MAIDUGURI, Nigeria — A purported spokesman for Nigeria’s Boko Haram Islamists late Monday threatened the group would soon launch attacks on mobile telephone firms for their alleged complicity with security agents.
In a phone conference with reporters in the northeastern city of Maiduguri, a man who claimed to be Boko Haram spokesman Abul Qaqa said the sect would “soon launch attacks” on mobile phone operators and state-run regulator Nigerian Communications Commission (NCC).
He accused them of complicity with security agents in bugging the phones of sect members to track them.
“We have realised that the mobile phone operators and the NCC have been assisting security agencies in tracking and arresting our members by bugging their lines and and enabling the security agents to locate the position of our members,” he said.

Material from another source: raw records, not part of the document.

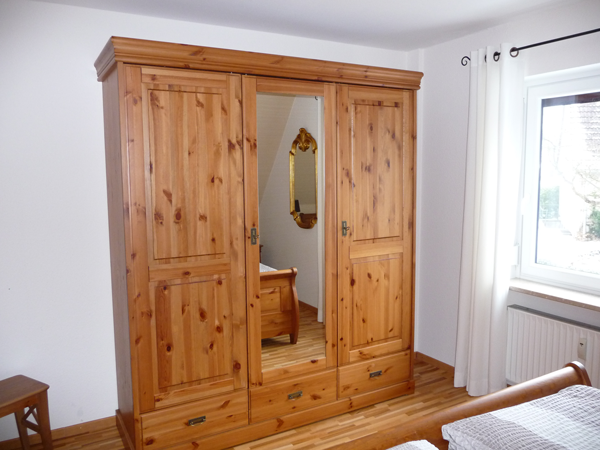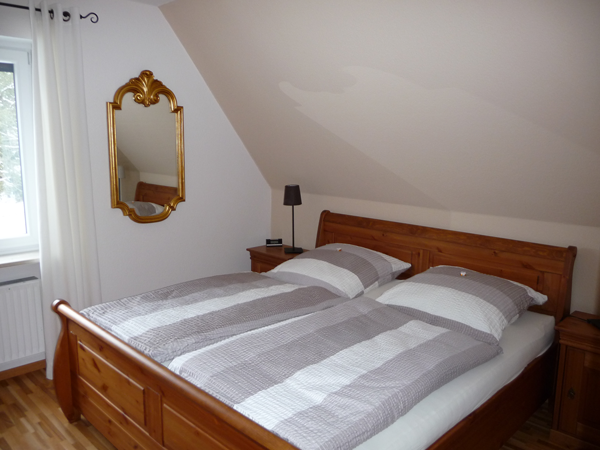 Hell und freundlich eingerichtet im modernen Landhaus-Stil verfügt sie über ein Schlafzimmer mit Doppelbett.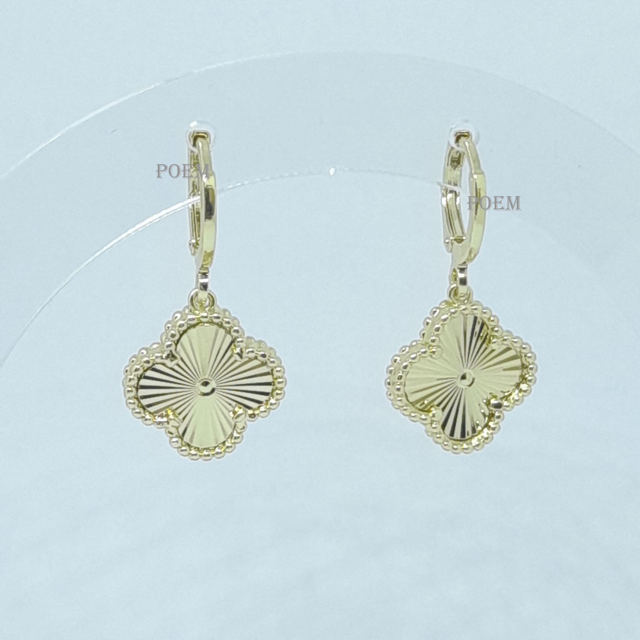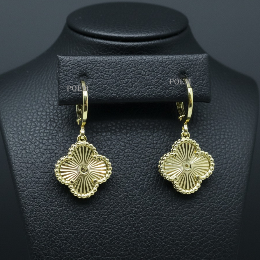 Descoperă cerceii eleganți inspirați de modelul Alhambra, cu design iconic în formă de trifoi cu patru foi, simbol al norocului, sănătății, averii și dragostei. Cu o lungime de 2.8 cm, acești cercei sunt realizați cu atenție la detalii și placați cu aur 14K, oferind un echilibru perfect între rafinament și vizibilitate.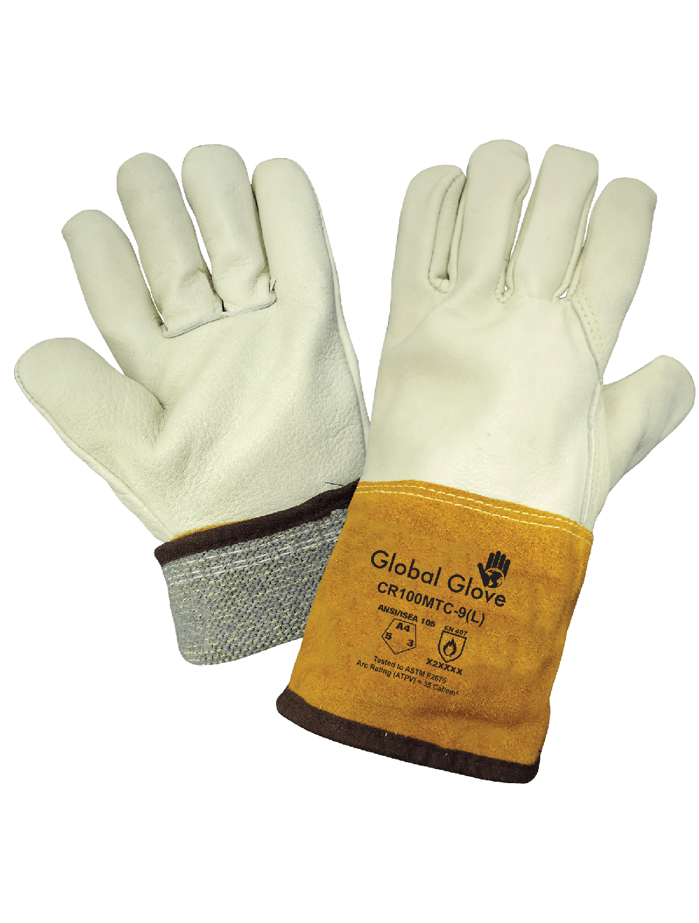 These cut-resistant, heat-resistant, and flame-resistant, premium grain cowhide leather welding gloves feature an Aralene® (enhanced aramid fiber) cut-resistant inner liner, which provides cut-resistant and heat-resistant properties. The split cowhide leather gauntlet cuff is 4-inches long for extra forearm protection. It is sewn with aramid fiber for added heat protection and includes a wing thumb for comfort and ease of grip.
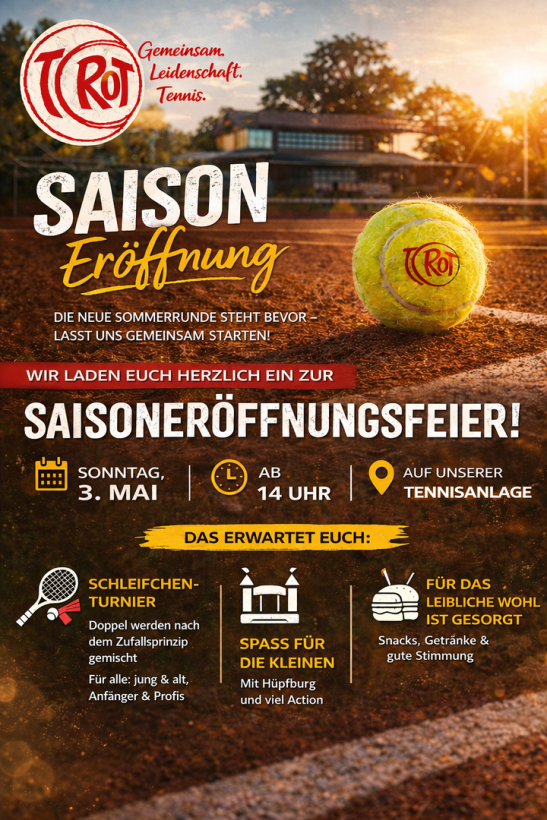 Bitte meldet euch vorher via E-Mail an tennisclub@tc-rot.de, an welchem der Termine ihr helfen könnt. Für Essen und Getränke ist gesorgt.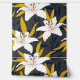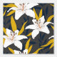 Bright white lilies bloom against a dark charcoal (navy-gray) background, accentuated by foliage with bold mustard gold highlights. This contrast creates a sense of mysterious depth and instant luxury, perfect for a feature wall in your living room, home office, or luxurious bedroom.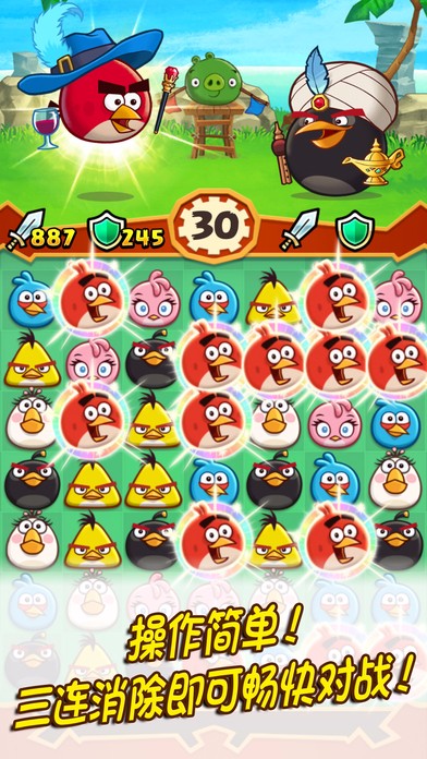 游戏玩法简单有趣,采用经典的三消规则,无论是横向还是纵向排列,只要凑齐三个以上相同的愤怒小鸟图案就能完成消除。在限时挑战中,你需要快速消除更多小鸟来攻击对手,消除数量越多,造成的伤害就越大。当能量条积满时,还能释放威力强大的特殊技能,给敌人造成致命一击。此外,游戏还加入了多种道具和增益效果,让战斗策略更加丰富多变。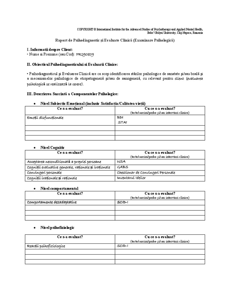 Raport De Psihodiagnostic Si Evaluare Clinica Word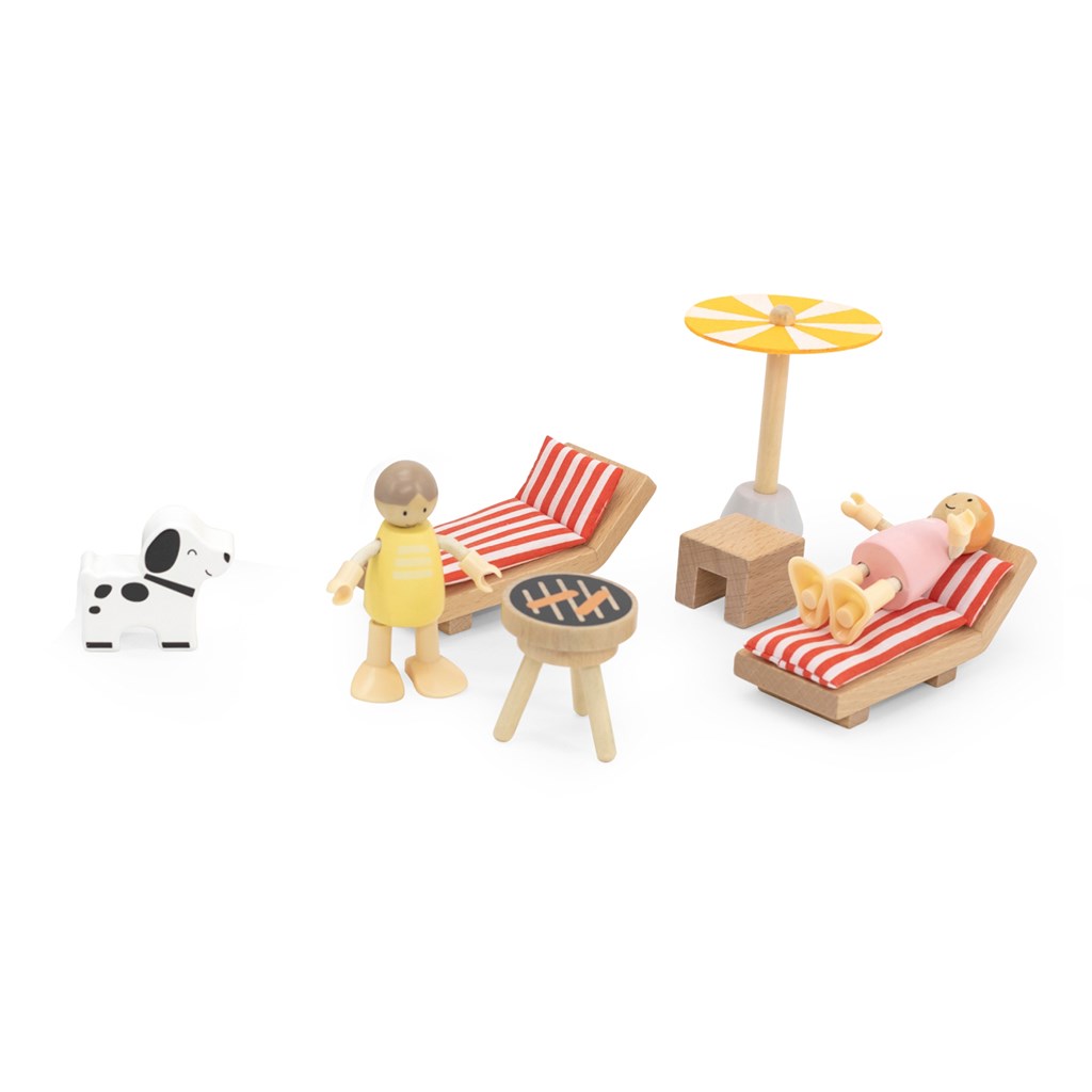 Multifunkcionalnost – set vsebuje številne dodatke (lutke, ležalnike, žar, sončnik, kužka itd.), ki ponujajo raznolike možnosti igre in zabavajo otroka dolgo časa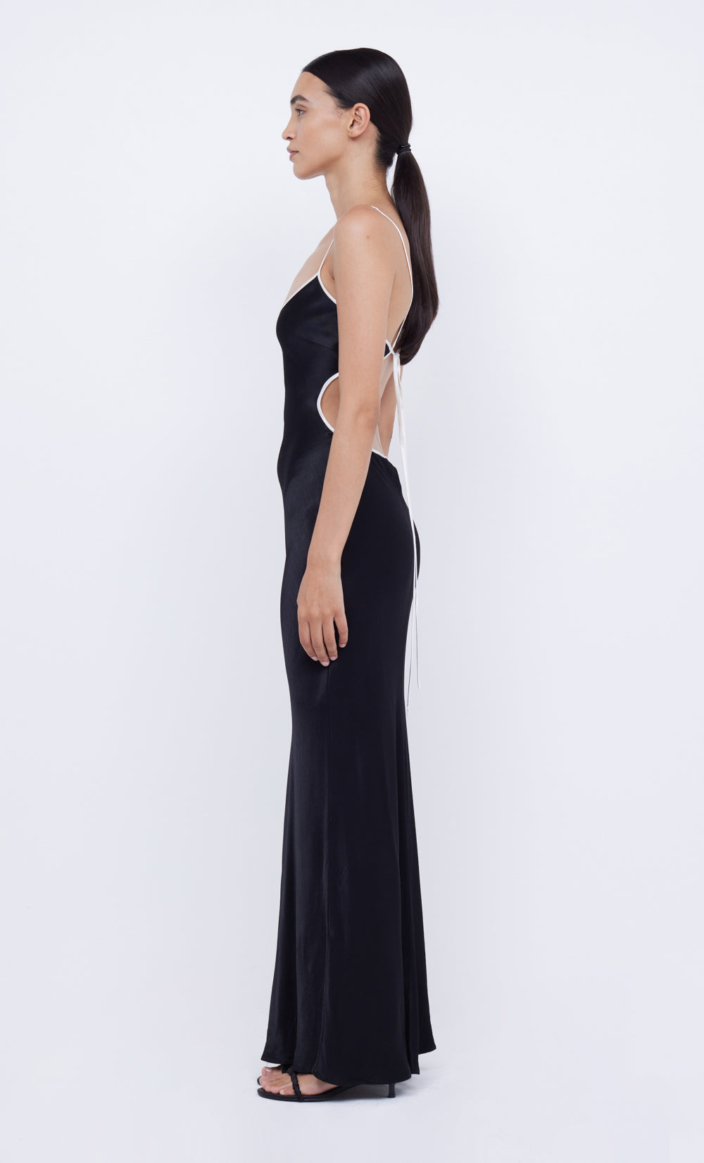 A bestselling design, the BEC + BRIDGE Cedar City Maxi Dress is a slinky V-neck style with a keyhole cut-out detail and contrast binding that carries through straps to tie-back. The bias-cut maxi is finished with a rolled hem, and an adjustable knotted strap which can be loosened and tied at desired length.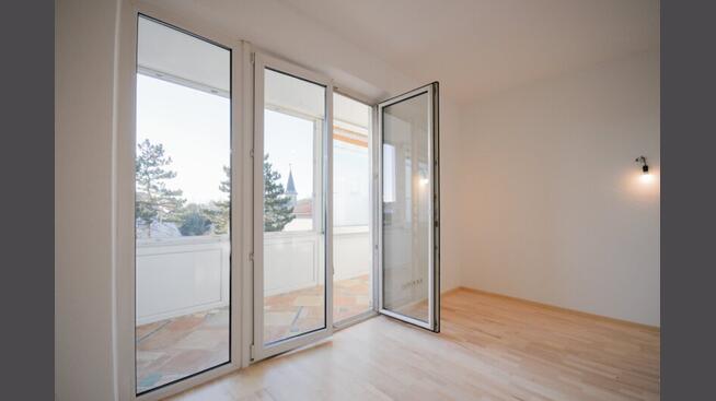 Das ausgesprochen schöne und sonnige Wohnzimmer hat eine ideale Größe von 26 m² - hier lassen sich eine gemütliche Couch und ein Essbereich gut stellen. Ein Kaminanschluss im Wohnbereich rundet das besondere Flair des Raumes ab - hier lässt sich ein Schwedenofen perfekt in Szene setzen. Die vorgelagerte 7,2 m² große Loggia in Südausrichtung ladet zu gemütlichen Abenden oder einem köstlichen Frühstück im Freien ein. Durch die komplette Verglasung der Loggia, kann sie ideal auch in den Wintermonaten genutzt werden.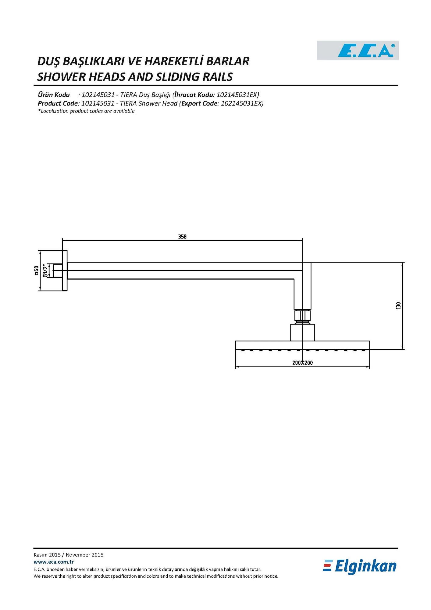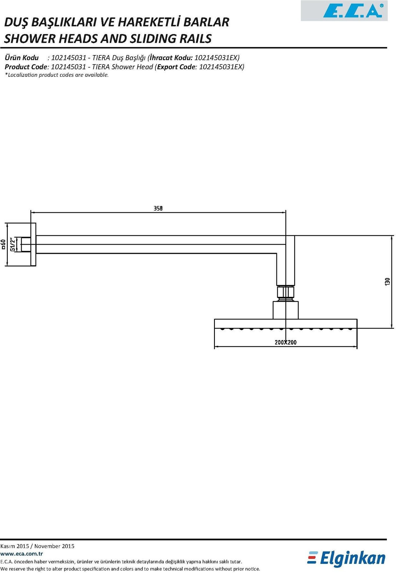 Верхний душ E.C.A. Tiera (102145031EX)

Boko Haram has previously used similar conferences with journalists in Maiduguri, capital of Borno state, the group’s base, to make public statements.
“It was with the connivance with the mobile phone companies operating in Nigeria and the NCC that the security agents were able to locate Abu Dardaa and Kabiru Sokoto and arrest them,” Qaqa said in the local Hausa language.
Nigeria has five major mobile phone operators with a total subscriber base of around 90 million.
South Africa-based MTN is the largest mobile operator in Nigeria. Other operators include the United Arab Emirates’ Etisalat and Indian-owned Airtel.
Early this month, security sources said they had arrested Abul Qaqa, but the Islamists rejected that claim, saying another senior Boko Haram member, Abu Dardaa, was the one in custody.
On Friday, Nigerian security agents re-arrested Kabiru Sokoto, a prominent sect member in a village in eastern Taraba state, four weeks after his escape from police custody in suspicious circumstances.
Sokoto is believed to be the mastermind of the Christmas day bombing of a church near Nigeria’s capital Abuja that killed at least 44 people.
Boko Haram’s deadliest attack yet occurred on January 20, when coordinated bombings and shootings killed at least 185 people in Nigeria’s second-largest city of Kano.
The group also claimed responsibility for the August suicide bombing of UN headquarters in Abuja that left at least 25 people dead.
It has in the past claimed to be fighting for an Islamic state in Nigeria’s mainly Muslim north, but its demands have repeatedly shifted.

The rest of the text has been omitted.